**Task to carry out:** Take the line with "本書插圖採用大量的色塊、圖騰" as the first and the last line of the data as the end. Write out both and every line between exactly, except pictures.
======== Data supplied ========
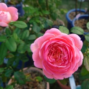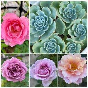 みんな集まれ、私のそばに 台風シフトしました 多肉の周りにバラなどの鉢を寄せます 右上から右回りに ・七福神 ・ディスタントドラムス ・海(かい) ・カインダーブルー ・リアンローズ
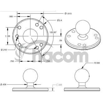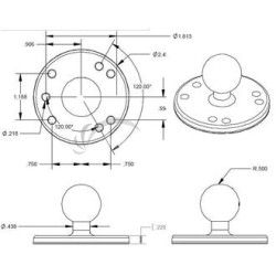 RAM-B-202U kruhový adaptér / úchyt na rovné povrchy s 1" čapom. Adaptér má priemer 6,35 cm a má predvŕtaných 7 dier, z toho 4 podľa priemyselného vzoru dier AMPS.Použitie:
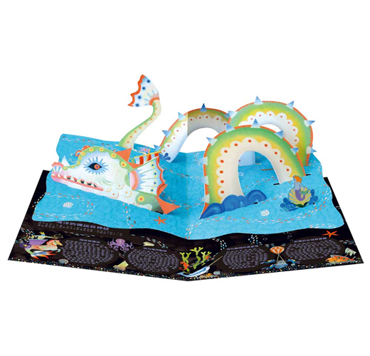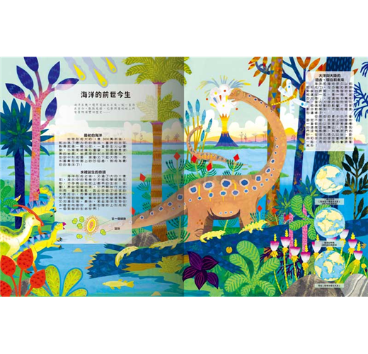 本書插圖採用大量的色塊、圖騰、線條手法,呈現出海洋的豐富之美。另外,手工打造的五張紙藝立體頁更是精彩絕倫,不但用多層次的立體頁呈現美麗珊瑚礁,還有神祕的大海怪也躍然紙上。整本書美得就像是藝術品一樣,繪圖絕美、風格獨特,值得好好收藏。
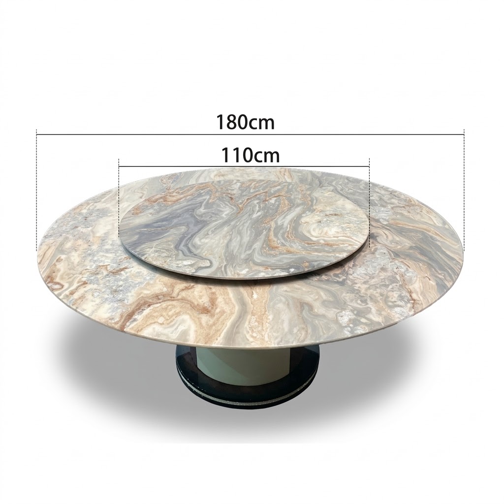 Mặt bàn tròn đường kính 180cm mang lại cảm giác bề thế và sang trọng, phù hợp với không gian rộng.
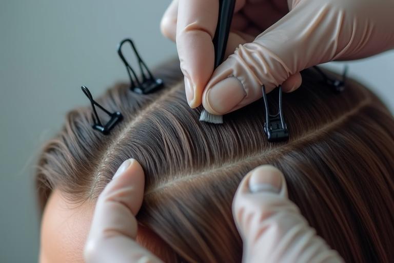 - Teile die Haare erneut in kleine Partien ab, um gezielt arbeiten zu können.
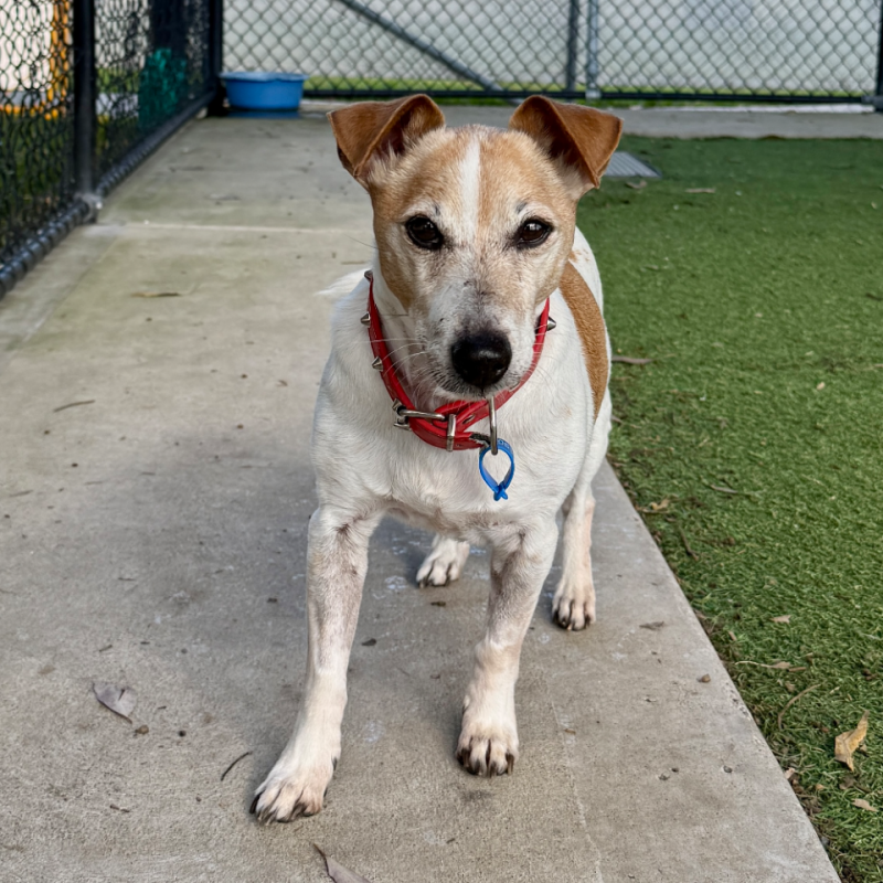 Meet Lightning, a 13-year-old Jack Russell Terrier with a heart as bright as his name. He’s a white-and-tan handsome gentleman who approaches life with gentle confidence and a calm, steady presence. Lightning is adjusted to a quiet, homey household and thrives in a predictable routine, making him a wonderful companion for someone seeking a peaceful, low-energy bond.
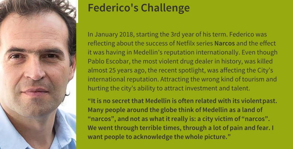 The protagonist of this case is Federico Gutierrez, Medellin's Mayor during 2016-2019. To learn about him and his challenge use the carrousel images below:
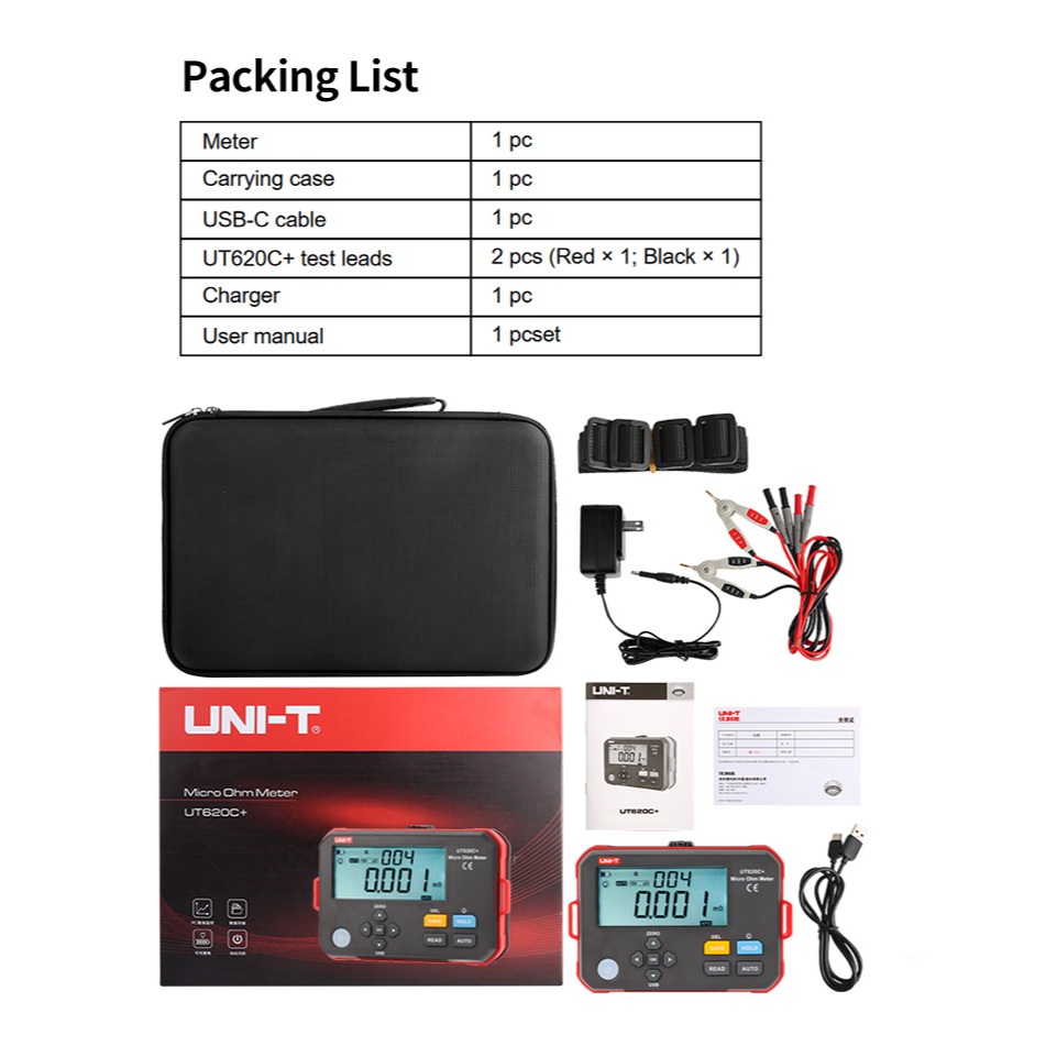 Uni-t UT620C+ Micro-Ohmmeter DC เครื่องวัดความต้านทานต่ํา Ohmmeter 0.001mΩ~300.0kΩ 1A Auto/Manual Range
========
**Exercise response:**
 本書插圖採用大量的色塊、圖騰、線條手法,呈現出海洋的豐富之美。另外,手工打造的五張紙藝立體頁更是精彩絕倫,不但用多層次的立體頁呈現美麗珊瑚礁,還有神祕的大海怪也躍然紙上。整本書美得就像是藝術品一樣,繪圖絕美、風格獨特,值得好好收藏。
 Mặt bàn tròn đường kính 180cm mang lại cảm giác bề thế và sang trọng, phù hợp với không gian rộng.
 - Teile die Haare erneut in kleine Partien ab, um gezielt arbeiten zu können.
 Meet Lightning, a 13-year-old Jack Russell Terrier with a heart as bright as his name. He’s a white-and-tan handsome gentleman who approaches life with gentle confidence and a calm, steady presence. Lightning is adjusted to a quiet, homey household and thrives in a predictable routine, making him a wonderful companion for someone seeking a peaceful, low-energy bond.
 The protagonist of this case is Federico Gutierrez, Medellin's Mayor during 2016-2019. To learn about him and his challenge use the carrousel images below:
 Uni-t UT620C+ Micro-Ohmmeter DC เครื่องวัดความต้านทานต่ํา Ohmmeter 0.001mΩ~300.0kΩ 1A Auto/Manual Range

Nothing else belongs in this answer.